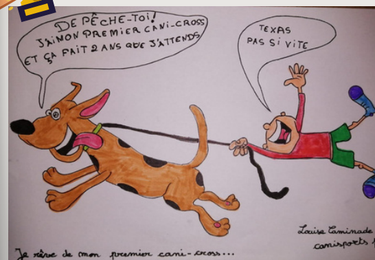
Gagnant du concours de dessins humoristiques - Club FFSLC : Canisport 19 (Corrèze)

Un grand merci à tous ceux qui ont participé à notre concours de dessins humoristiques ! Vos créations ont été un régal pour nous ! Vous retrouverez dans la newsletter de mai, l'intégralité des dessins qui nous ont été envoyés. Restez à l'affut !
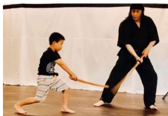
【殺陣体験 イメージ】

» EXERCISE DIRECTIONS
Starting from the line where "Un grand merci" appears, copy every line through the end of the material, both ends included, but no pictures.

» FINISHED EXERCISE
Un grand merci à tous ceux qui ont participé à notre concours de dessins humoristiques ! Vos créations ont été un régal pour nous ! Vous retrouverez dans la newsletter de mai, l'intégralité des dessins qui nous ont été envoyés. Restez à l'affut !
【殺陣体験 イメージ】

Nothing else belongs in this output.